В такие минуты, естественно, возникает потребность к задушевной беседе: отогреть замерзшую птичку, проявить милость к падшему, если без особого расхода или чрезмерного напряжения сил, а тут и случай подоспел. Сразу по вступлении в ворота обители о. Матвей усмотрел в глубине рощи пробиравшуюся меж ветвей искру, крайне его насторожившую, хоть пожаров на кладбищах и не бывает; следом пропорхнула другая, пошустрей. Даже глаза себе усиленно протер для верности, когда же потаяли цветные круги в поле зрения, то дополнительно к прежним уликам уже не без гнева, батюшка учуял носом распространявшуюся гарь, и как бы сгущение воздуха чуть затмило сквозившую меж деревьями зорьку. Исхождение дыма из суховеровской усыпальницы указывало на затянувшееся там пребывание странника Афинагора, впервые и то косвенно напомнившего о себе за всю зиму. Еще утром подобное открытие повлекло бы немедленно его изгнание, так как отныне, по миновании снегов, столичные сыщики, повсюду рыскающие за врагами коммунизма, запросто могли застукать сокрывающееся здесь без прописки подозрительное лицо – с болезненными для старо-федосеевцев последствиями. «Уж и весна на дворе, а он все тут!» Однако извинительное для хозяина и родителя негодование сразу погасло: старец представился о. Матвею лежащим на обледенелом, без подстилки, гранитном ложе, в немощах возраста и бедственного одиночества.

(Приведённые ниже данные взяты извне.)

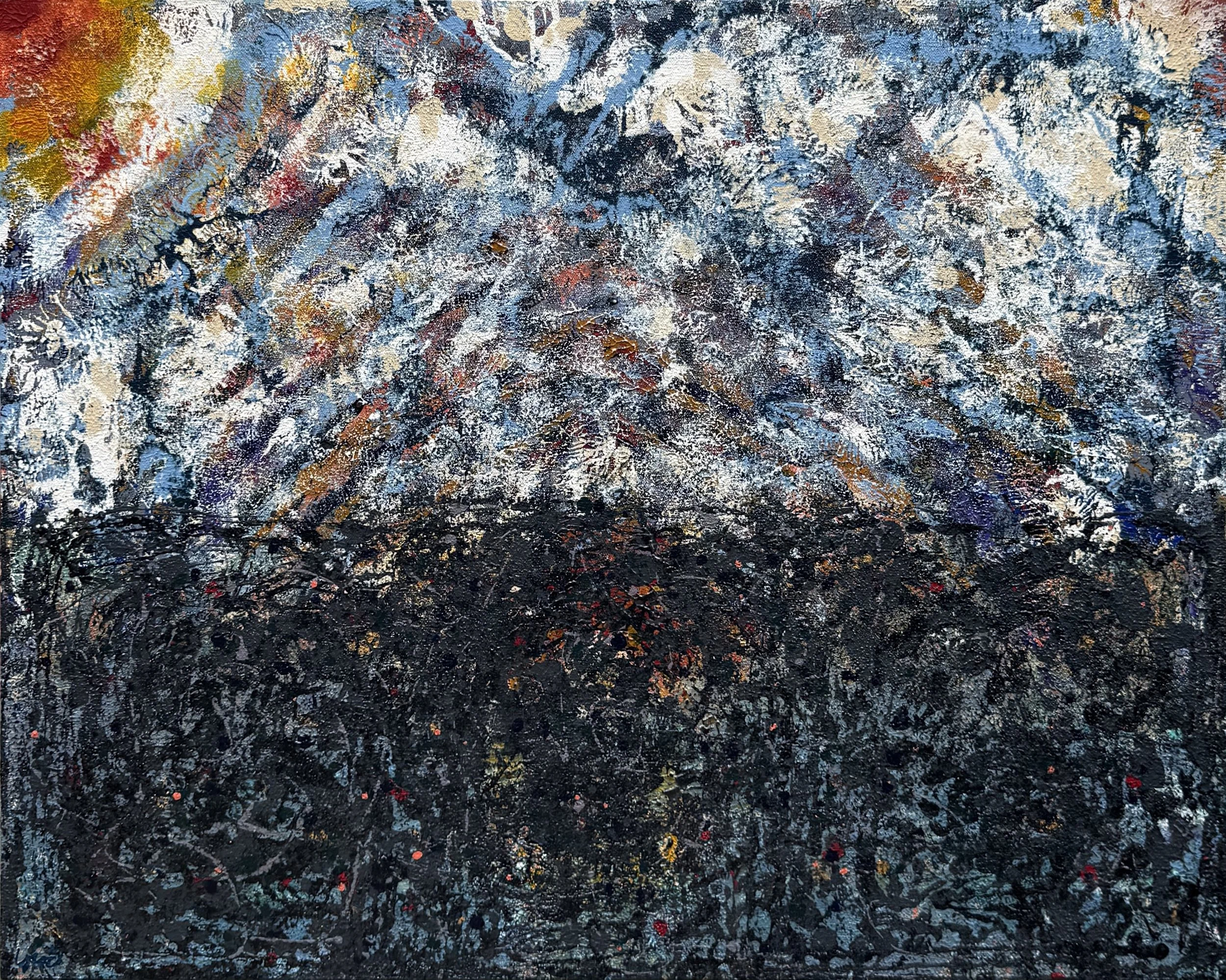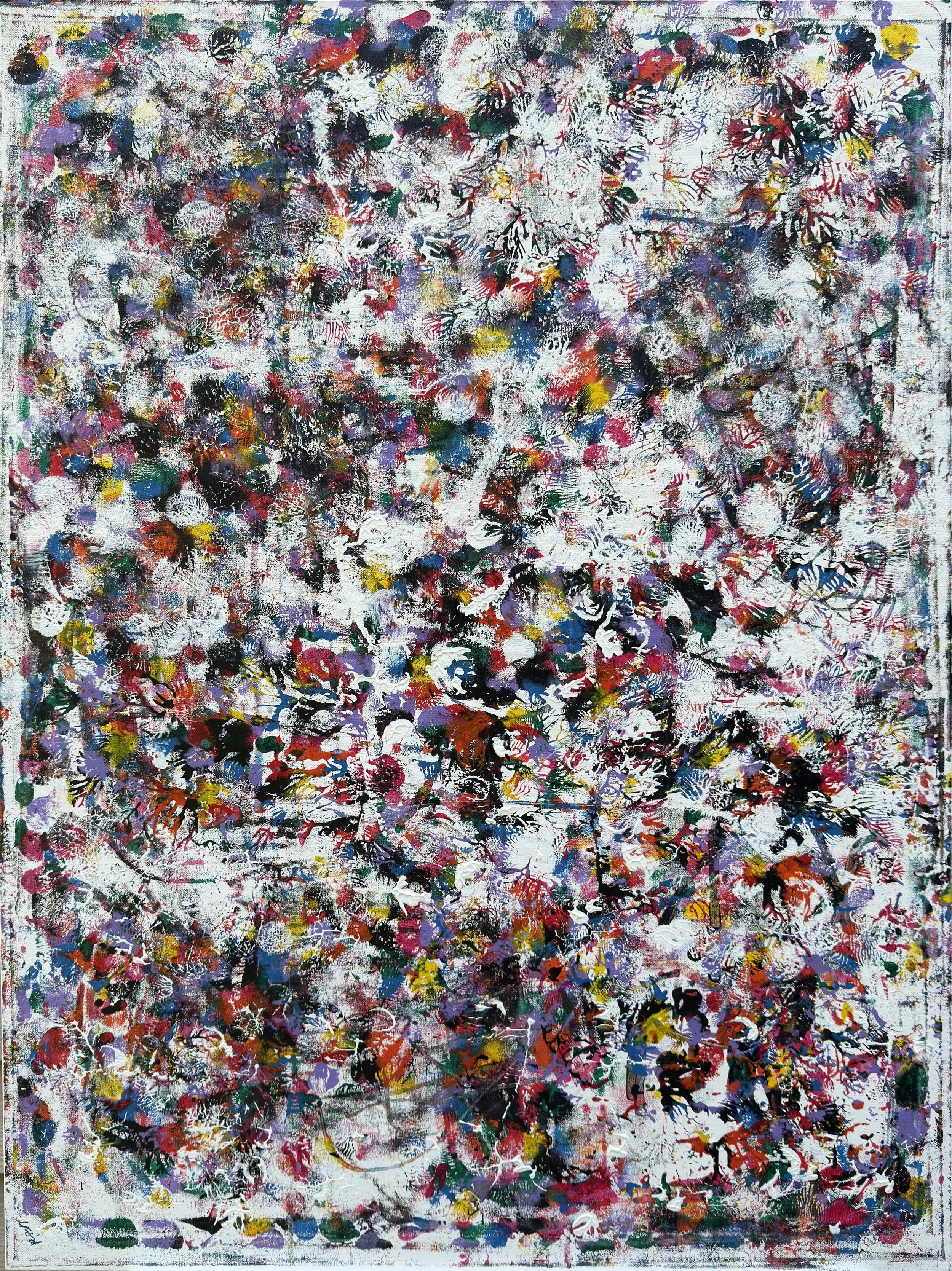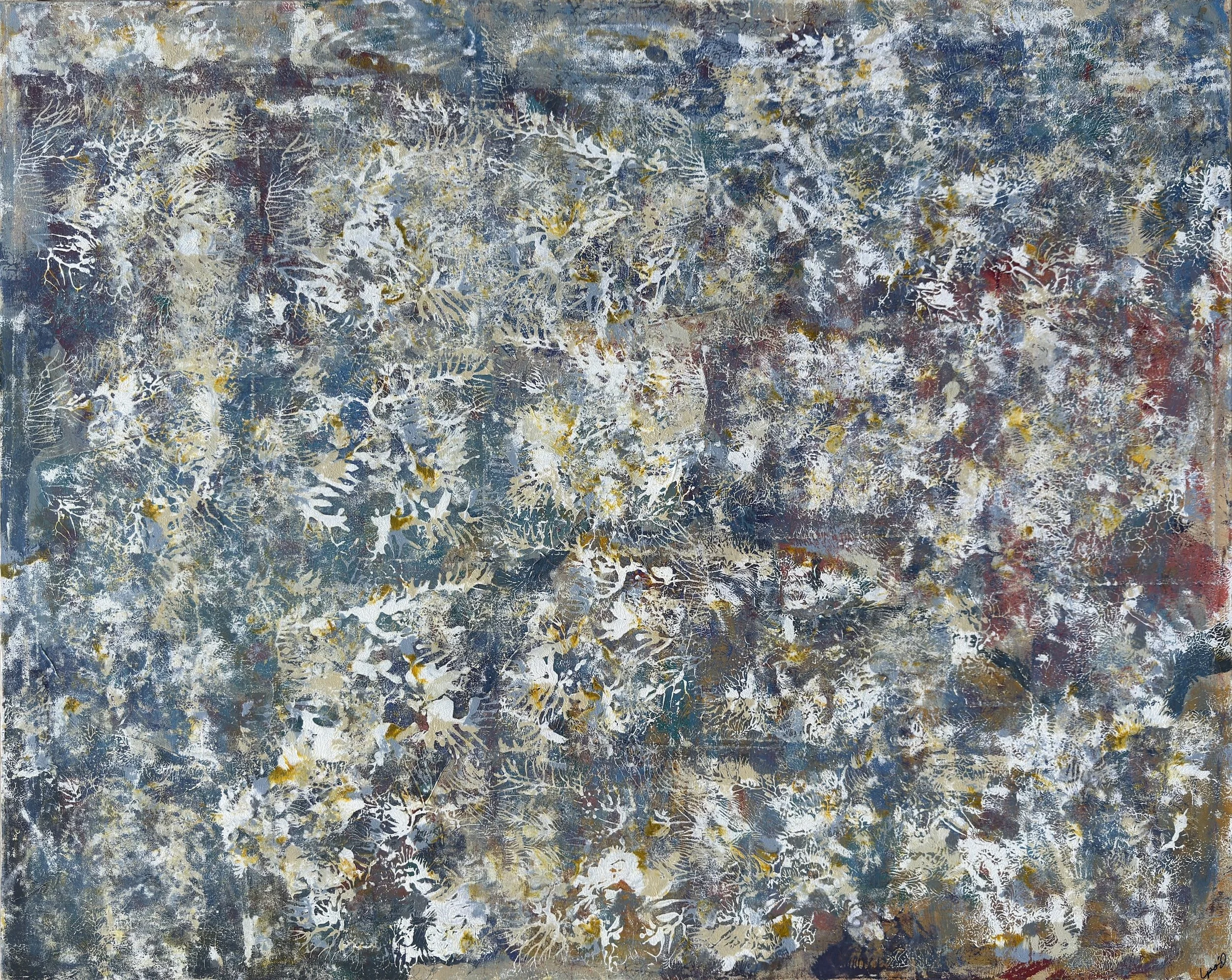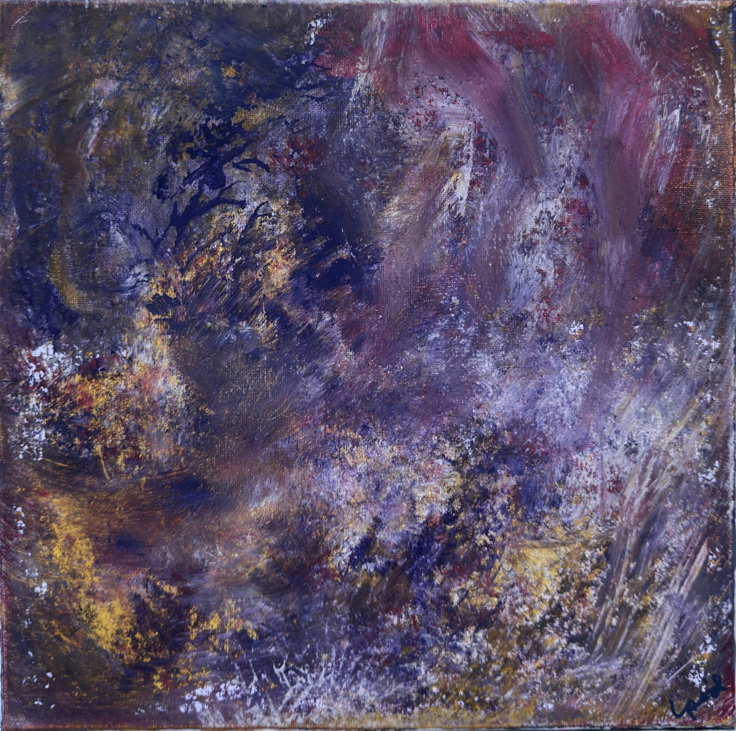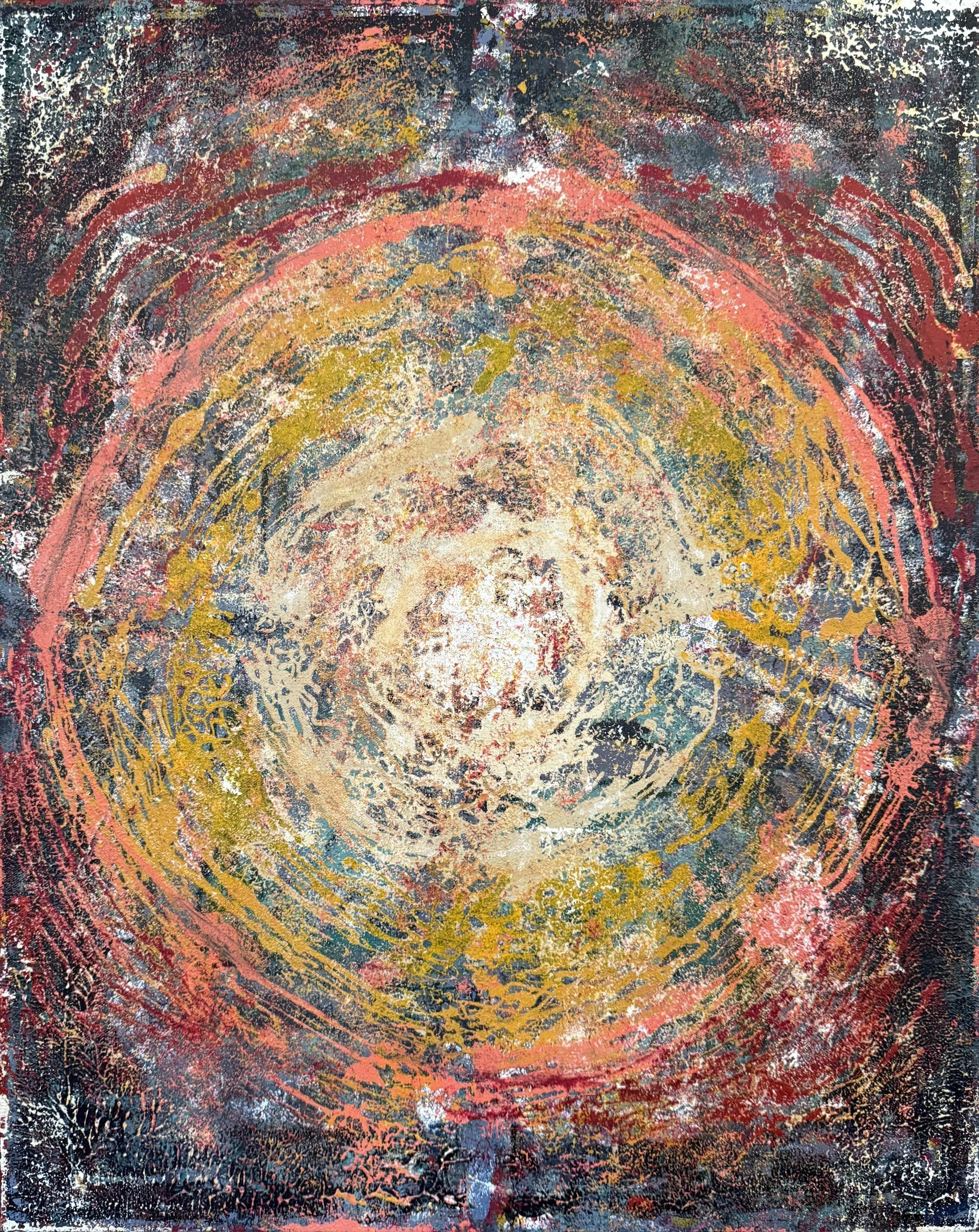 Small Works. All of the larger works include layers constructed by painting directly on small canvases and pressing them against the main canvas with varied manual application techniques to achieve patterns and textures that make each painting also a shallow relief. Some of these small canvases become paintings unto themselves (others are just a blurry mess) and are shared here as a “calf” of the larger work.

Неслышно пробравшись на кухню, чтобы матушку не пугать, а пуще – не бередить одну незажившую материнскую рану, батюшка наскреб отовсюду всякой всячинки съестной пригорушки три, где среди третьевошной еды попадалось и совсем свежее, а бродяжке все впору!.. Скорой рукой, пока матушка с погреба не вернулась, поклал в порожнюю консервную банку, годную и котелком послужить в дальнейших странствиях, сверху же квашеной капусткой прикрыл и, увенчав сооружение горбушкой хлеба, вынес под полой… Жаль еще, леденцов в бумажке не прихватил – подсластить злосчастному старику созревшее в нем в дороге отказ-приказаньице, чтобы враз по выздоровлении исчезал бы отселе с глаз долой. «Христа ради, покинь нас сирых: без тебя трижды на дню с жизнью прощаемся. Зимку дотерпишь кое-как, вон звери-то не помирают, а летом везде тебе шалашик. Конец, конец нашей милости!» И вдруг разум опалило догадкой, что совсем близко теперь – развеется и лоскутовское гнездо по ветру русской смуты, и кабы не тянули постылые начальники со сносом Старо-Федосеева, поторопились бы, вот бы и попутчик о. Матвею в предстоящих странствиях по родной земле.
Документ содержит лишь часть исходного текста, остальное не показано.